[Records from a dataset]

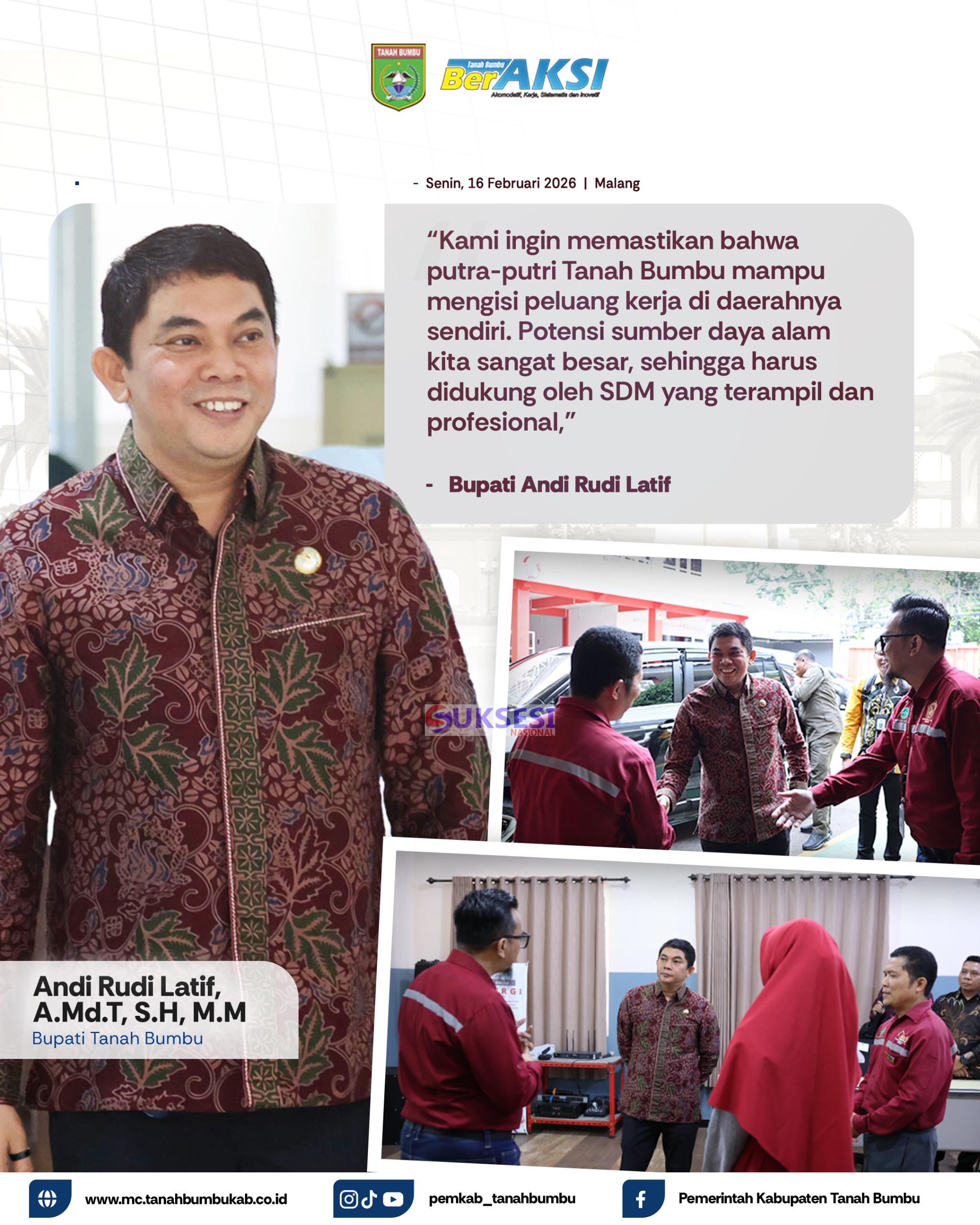 “Kami ingin memastikan bahwa putra-putri Tanah Bumbu mampu mengisi peluang kerja di daerahnya sendiri. Potensi sumber daya alam kita sangat besar, sehingga harus didukung oleh SDM yang terampil dan profesional,” ujar Andi Rudi Latif.
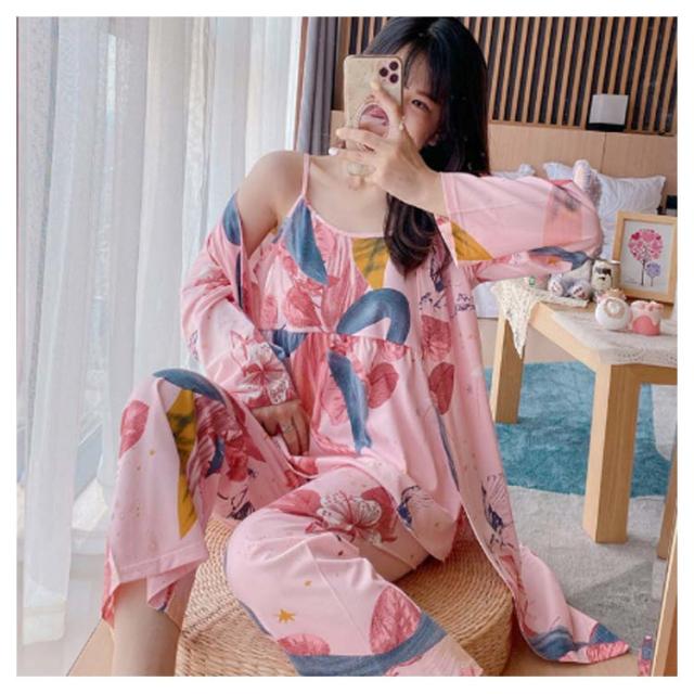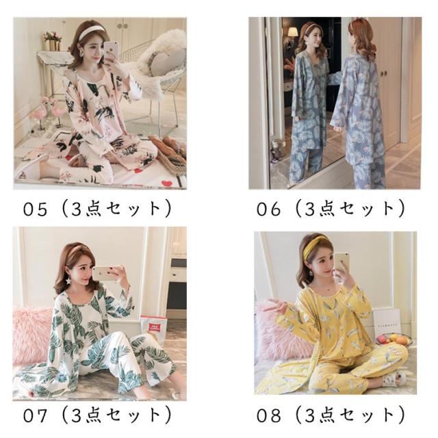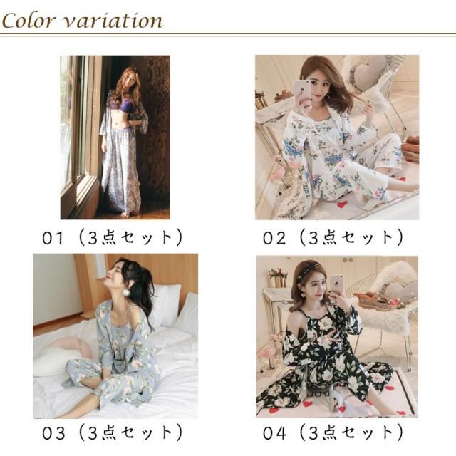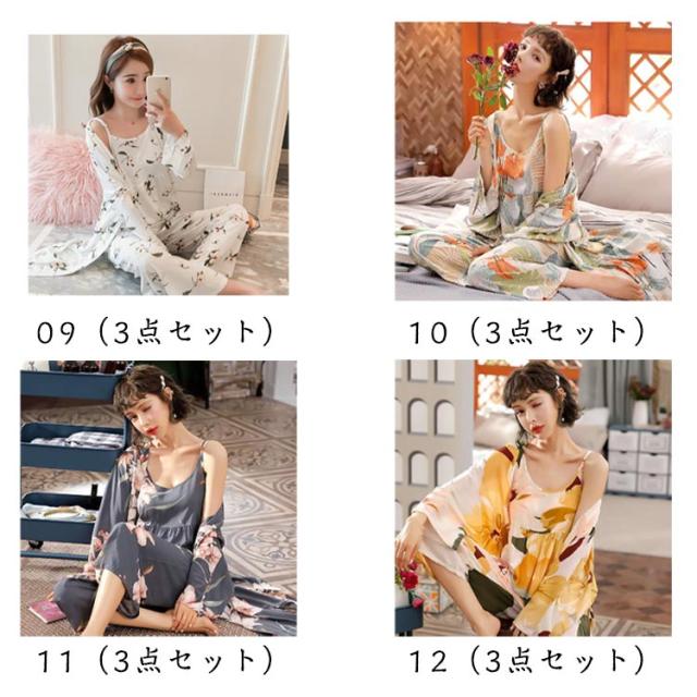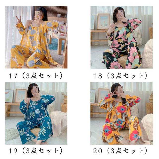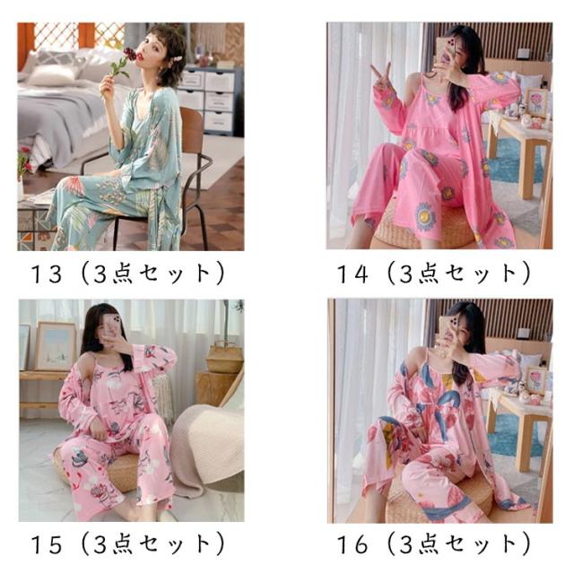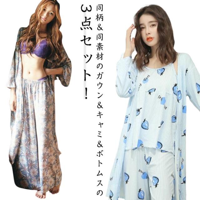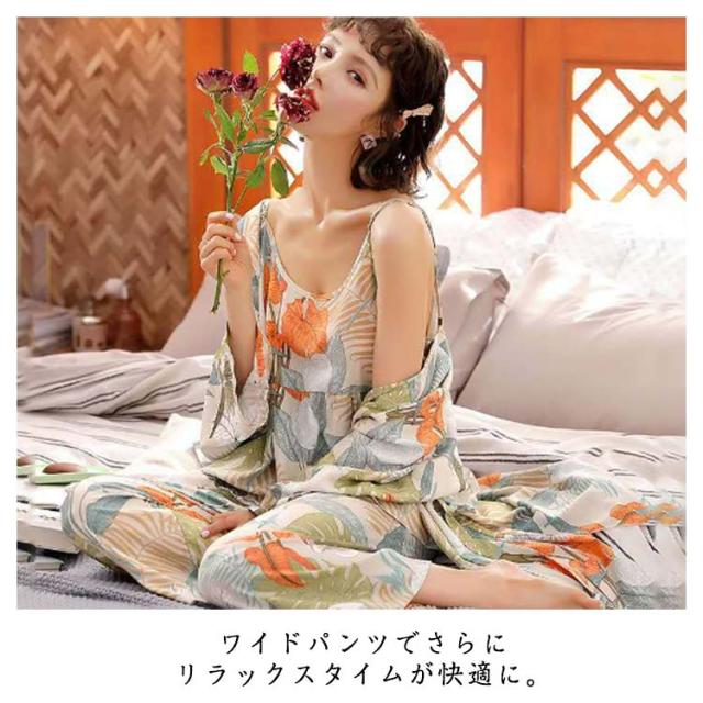 秋 かわいい カーディガン ルームウェア ワイドパンツ 花柄 春 夏 3点セット ナイトウェア パジャマ 羽織 ガウン ロング キャミソール 3点セット セットアップ 長袖 ネグリジェ 薄手 上下セット 部屋着 寝巻き ゆったり 体型カバー
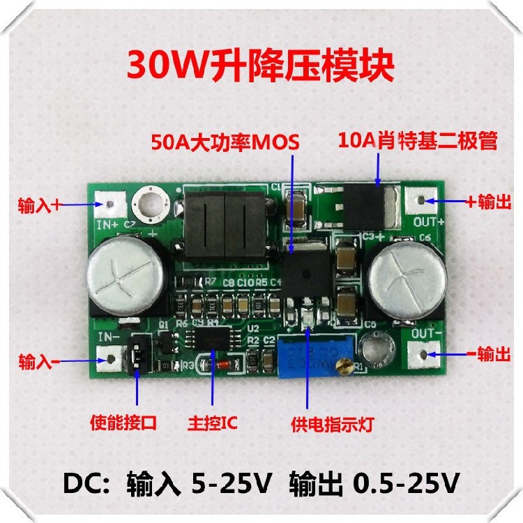 - Напряжение напряжения высокого напряжения высотой 30 Вт имело нисходящее модуль, производительность намного превышает LM2596 и LM2577. Выходное напряжение может быть выше или ниже входного напряжения.
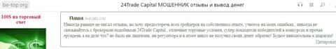 - Отзывы пользователей, столкнувшихся с реальными действиями псевдоброкерского лохотрона 24 Трейд Капитал
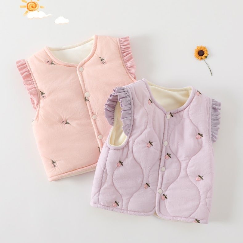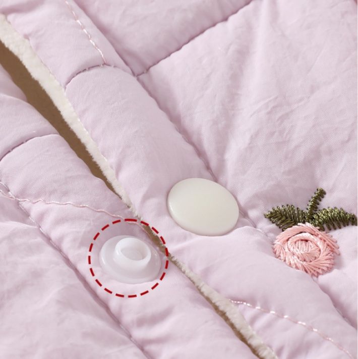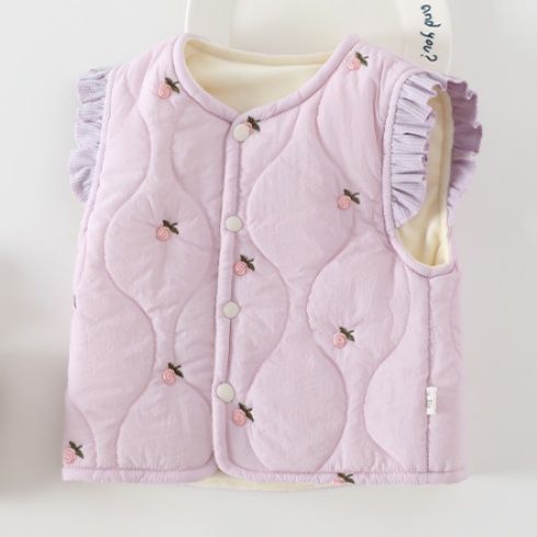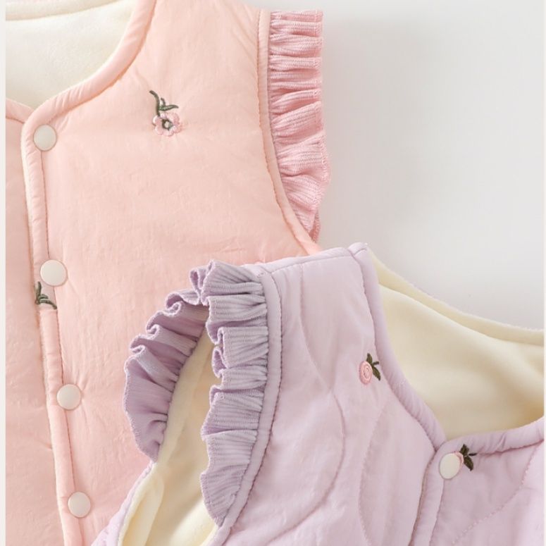 肩部分の可愛らしいフリルデザインと小花の刺繍が魅力的なベストタイプのスリーパーです。
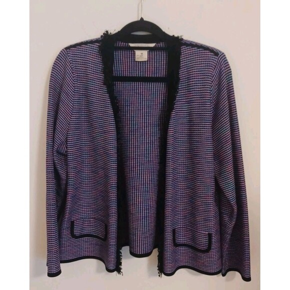 Exclusively Misook Knit Tweed Blazer Jacket M Black Pink Purple Open Front
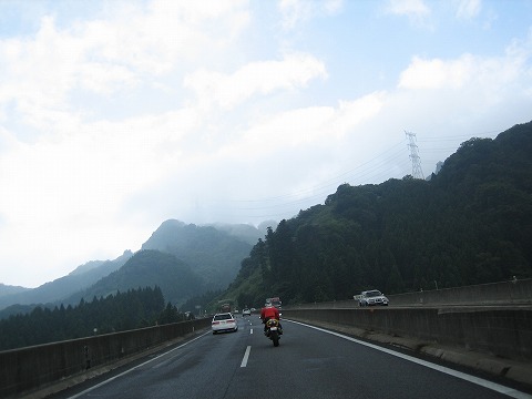 10:04 上信越自動車道で 上里SAで給油をした後、藤岡ジャンクションから上信越自動車道で長野方面を目指します。 路面はにわか雨が降ったのか路面は所々ウェットパッチが。 目の前には妙義山の山々が見えてきました。 行く手は雨が降っていそう。 |
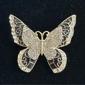 Add a sophisticated vintage-inspired touch to your collection with this beautiful butterfly brooch featuring glossy black enamel wings and sparkling rhinestone accents. The intricate swirl detailing and shimmering pave-style body give this piece a timeless, feminine look that instantly elevates any outfit.
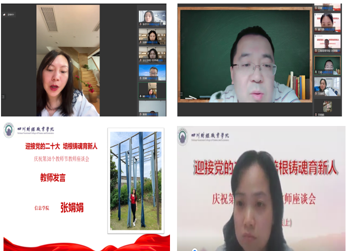 来自通识与人文教育学院的胡娴、金融学院的王超、信息学院的张娟娟、马克思主义学院的汪丽娟作为老教师代表分别发言,分享各自从事教育事业的经历和感悟,充分展示了我校教师凝心聚力守初心、干事创业谋发展的优良作风;来自教务处的谢文静、会计学院的任思琦、财税学院的罗婷婷、工商管理学院的刘国强作为新入职教师代表进行发言,表达了对未来财院工作的憧憬,展现了新教师昂扬向上的精神风貌。
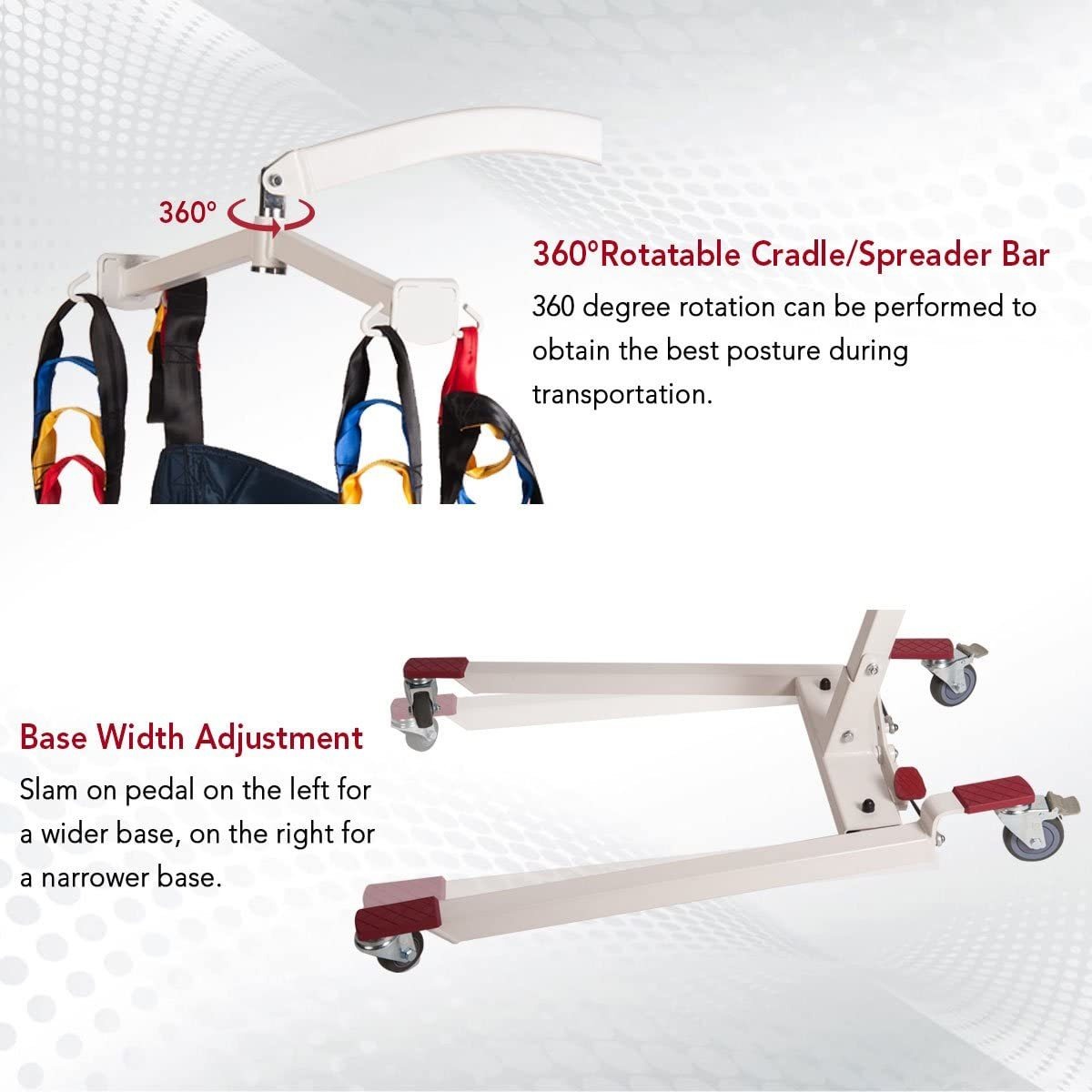 La capacidad de carga máxima es de 449.7 lbs. Rango de elevación: 33 a 68 pulgadas. Rango máximo de horquilla: 32 pulgadas. Peso neto: 99 libras. Contiene componentes fáciles de montar y desmontar para guardar y transportar; El diseño de cuello de cisne con ancho ajustable se adapta alrededor de muebles grandes para una transferencia más segura y fácil del paciente, es un elevador para uso doméstico; Prácticos controles de mano con botón y patas ajustables con pedal trasero que se pueden operar con el pie. Simplemente pisa el pedal izquierdo para ampliar la base, o pisa el pedal derecho para una base más estrecha. Las ruedas traseras se pueden bloquear para mayor estabilidad; Eslinga de elevación gratis: barra separadora de cuatro puntos para la vida más segura y cómoda posible. Transfiere fácilmente de la cama a la silla de ruedas, sillón reclinable o silla de ducha, o de sofá a cama. El tamaño grande del cabestrillo puede acomodar todos los tamaños de pacientes. Hecho de poliéster que se puede utilizar en seco o húmedo; 1 año de garantía en el marco, 6 meses de garantía de reemplazo en actuador, caja de control y controles manuales. Confirma la potencia después de recibir el producto. Si la batería está baja, cárgala antes de usarla. Además, el elevador no se puede utilizar mientras se carga Todos nuestros productos estan en inglés SKU 4022241080

WORK REQUEST
All entries above are to be set down word for word, and the pictures are to be left out.

ANSWER SECTION
 “Kami ingin memastikan bahwa putra-putri Tanah Bumbu mampu mengisi peluang kerja di daerahnya sendiri. Potensi sumber daya alam kita sangat besar, sehingga harus didukung oleh SDM yang terampil dan profesional,” ujar Andi Rudi Latif.
 秋 かわいい カーディガン ルームウェア ワイドパンツ 花柄 春 夏 3点セット ナイトウェア パジャマ 羽織 ガウン ロング キャミソール 3点セット セットアップ 長袖 ネグリジェ 薄手 上下セット 部屋着 寝巻き ゆったり 体型カバー
 - Напряжение напряжения высокого напряжения высотой 30 Вт имело нисходящее модуль, производительность намного превышает LM2596 и LM2577. Выходное напряжение может быть выше или ниже входного напряжения.
 - Отзывы пользователей, столкнувшихся с реальными действиями псевдоброкерского лохотрона 24 Трейд Капитал
 肩部分の可愛らしいフリルデザインと小花の刺繍が魅力的なベストタイプのスリーパーです。
 Exclusively Misook Knit Tweed Blazer Jacket M Black Pink Purple Open Front
 10:04 上信越自動車道で 上里SAで給油をした後、藤岡ジャンクションから上信越自動車道で長野方面を目指します。 路面はにわか雨が降ったのか路面は所々ウェットパッチが。 目の前には妙義山の山々が見えてきました。 行く手は雨が降っていそう。 |
 Add a sophisticated vintage-inspired touch to your collection with this beautiful butterfly brooch featuring glossy black enamel wings and sparkling rhinestone accents. The intricate swirl detailing and shimmering pave-style body give this piece a timeless, feminine look that instantly elevates any outfit.
 来自通识与人文教育学院的胡娴、金融学院的王超、信息学院的张娟娟、马克思主义学院的汪丽娟作为老教师代表分别发言,分享各自从事教育事业的经历和感悟,充分展示了我校教师凝心聚力守初心、干事创业谋发展的优良作风;来自教务处的谢文静、会计学院的任思琦、财税学院的罗婷婷、工商管理学院的刘国强作为新入职教师代表进行发言,表达了对未来财院工作的憧憬,展现了新教师昂扬向上的精神风貌。
 La capacidad de carga máxima es de 449.7 lbs. Rango de elevación: 33 a 68 pulgadas. Rango máximo de horquilla: 32 pulgadas. Peso neto: 99 libras. Contiene componentes fáciles de montar y desmontar para guardar y transportar; El diseño de cuello de cisne con ancho ajustable se adapta alrededor de muebles grandes para una transferencia más segura y fácil del paciente, es un elevador para uso doméstico; Prácticos controles de mano con botón y patas ajustables con pedal trasero que se pueden operar con el pie. Simplemente pisa el pedal izquierdo para ampliar la base, o pisa el pedal derecho para una base más estrecha. Las ruedas traseras se pueden bloquear para mayor estabilidad; Eslinga de elevación gratis: barra separadora de cuatro puntos para la vida más segura y cómoda posible. Transfiere fácilmente de la cama a la silla de ruedas, sillón reclinable o silla de ducha, o de sofá a cama. El tamaño grande del cabestrillo puede acomodar todos los tamaños de pacientes. Hecho de poliéster que se puede utilizar en seco o húmedo; 1 año de garantía en el marco, 6 meses de garantía de reemplazo en actuador, caja de control y controles manuales. Confirma la potencia después de recibir el producto. Si la batería está baja, cárgala antes de usarla. Además, el elevador no se puede utilizar mientras se carga Todos nuestros productos estan en inglés SKU 4022241080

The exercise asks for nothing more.